__What the task requires__
Among the entries below, find the line with "Kaart 2. Hoorn" and the line with "Lepidoptera : Noctuidae.". Return exactly those lines and every line between them, but no pictures.

__Input for this task__
################

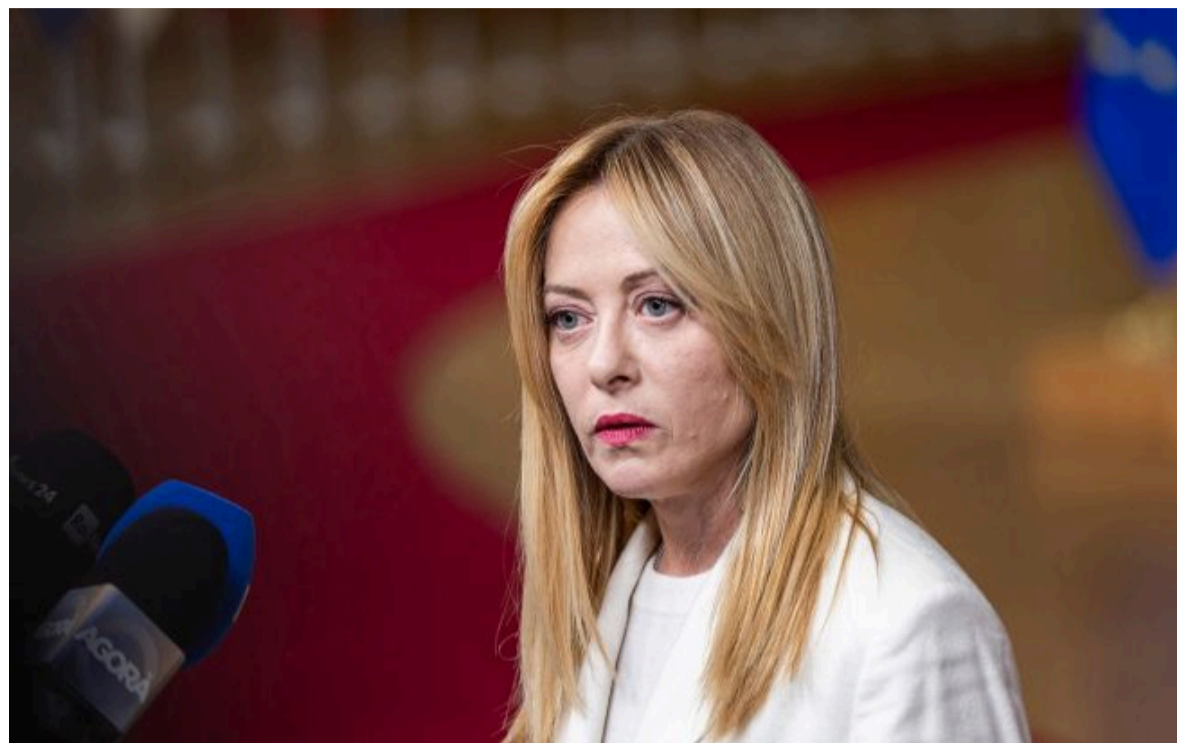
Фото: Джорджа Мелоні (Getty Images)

################

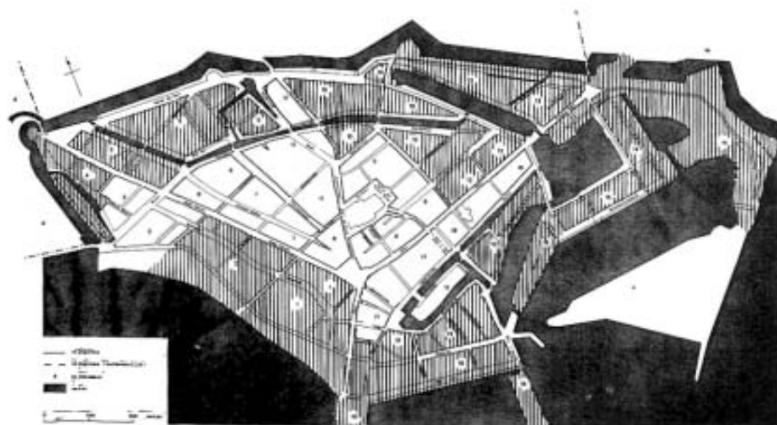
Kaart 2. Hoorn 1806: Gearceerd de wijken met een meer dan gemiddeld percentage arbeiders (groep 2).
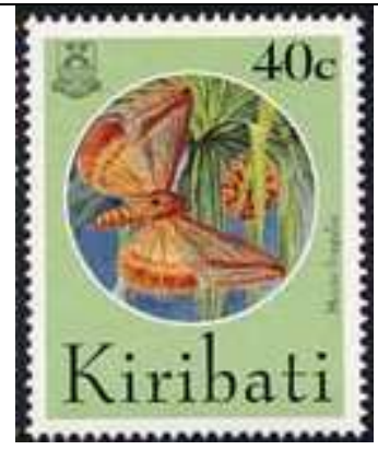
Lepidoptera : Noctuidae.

################

__Result of the task__
Kaart 2. Hoorn 1806: Gearceerd de wijken met een meer dan gemiddeld percentage arbeiders (groep 2).
Lepidoptera : Noctuidae.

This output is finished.